All services include Docker metadata in Cargo.toml:

Main Server:

  • Image: ghcr.io/geoffsee/predict-otron-9000:latest
  • Port: 8080

Inference Service:

  • Image: ghcr.io/geoffsee/inference-service:latest
  • Port: 8080

Embeddings Service:

  • Image: ghcr.io/geoffsee/embeddings-service:latest
  • Port: 8080

Web Frontend:

  • Image: ghcr.io/geoffsee/leptos-app:latest
  • Port: 8788

Docker Compose:

# Start all services
docker-compose up -d

# Check logs
docker-compose logs -f

# Stop services
docker-compose down

Kubernetes Support

All services include Kubernetes manifest metadata:

  • Single replica deployments by default
  • Service-specific port configurations
  • Ready for horizontal pod autoscaling

For Kubernetes deployment details, see the ARCHITECTURE.md document.

Build Artifacts

Ignored by Git:

  • target/ (Rust build artifacts)
  • node_modules/ (Node.js dependencies)
  • dist/ (Frontend build output)
  • .fastembed_cache/ (FastEmbed model cache)
  • .hf-cache/ (Hugging Face cache, if configured)

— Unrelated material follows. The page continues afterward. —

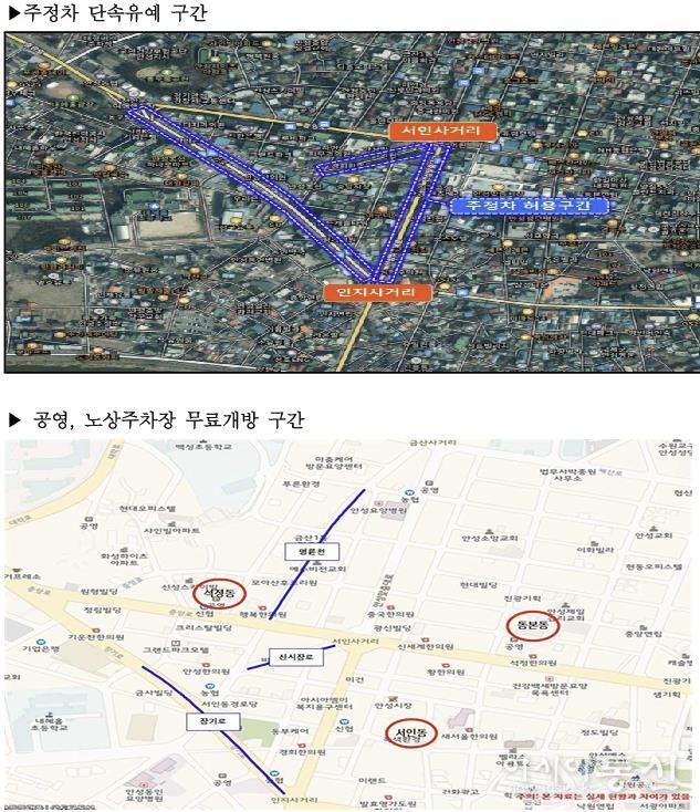 주정차 단속 유예 구간은 안성맞춤시장(서인사거리~인지사거리 구간 양측 300미터)과 중앙시장(서인사거리~안성농협 양측 100미터, 석정삼거리~인지사거리 양측 500미터) 주변 도로이며, 서인동·동본동·석정동의 건축식 공영주차장과 전통시장 주변 노상주차장이 무료 개방된다.

Common Issues and Solutions

Authentication/Licensing

Symptom: 404 or permission errors fetching models
Solution:

  1. Accept Gemma model licenses on Hugging Face
  2. Authenticate with huggingface-cli login or HF_TOKEN
  3. Verify token with huggingface-cli whoami

GPU Issues

Symptom: OOM errors or GPU panics
Solution:

  1. Test on CPU first: ensure CUDA_VISIBLE_DEVICES="" if needed
  2. Check available VRAM vs model requirements
  3. Consider using smaller model variants

Model Mismatch Errors

Symptom: 400 errors with type=model_mismatch
Solution:

  • Use "model": "default" in API requests
  • Or match configured model ID exactly: "model": "gemma-3-1b-it"

Frontend Build Issues

Symptom: WASM compilation failures
Solution:

  1. Install required targets: rustup target add wasm32-unknown-unknown
  2. Check RUSTFLAGS in leptos-app/run.sh

Network/Timeout Issues

Symptom: First-time model downloads timing out
Solution:

  1. Ensure stable internet connection
  2. Consider using local HF cache: export HF_HOME="$PWD/.hf-cache"
  3. Download models manually with huggingface-cli

Minimal End-to-End Verification

Build verification:

cargo build --workspace --release

Fast offline tests:

cargo test --workspace build_gemma_prompt
cargo test --workspace which_

Service startup:

./scripts/run_server.sh &
sleep 10  # Wait for server startup
curl -s http://localhost:8080/v1/models | jq

CLI client test:

bun run scripts/cli.ts "What is 2+2?"

Web frontend:

cd crates/leptos-app && ./run.sh &
# Navigate to http://localhost:8788

Integration test:

./smoke_test.sh

Cleanup:

pkill -f "predict-otron-9000"

For networked tests and full functionality, ensure Hugging Face authentication is configured as described above.

Further Reading

Documentation

Contributing

  1. Fork the repository
  2. Create a feature branch: git checkout -b feature-name
  3. Make your changes and add tests
  4. Ensure all tests pass: cargo test
  5. Submit a pull request

Warning: Do NOT use this in production unless you are cool like that.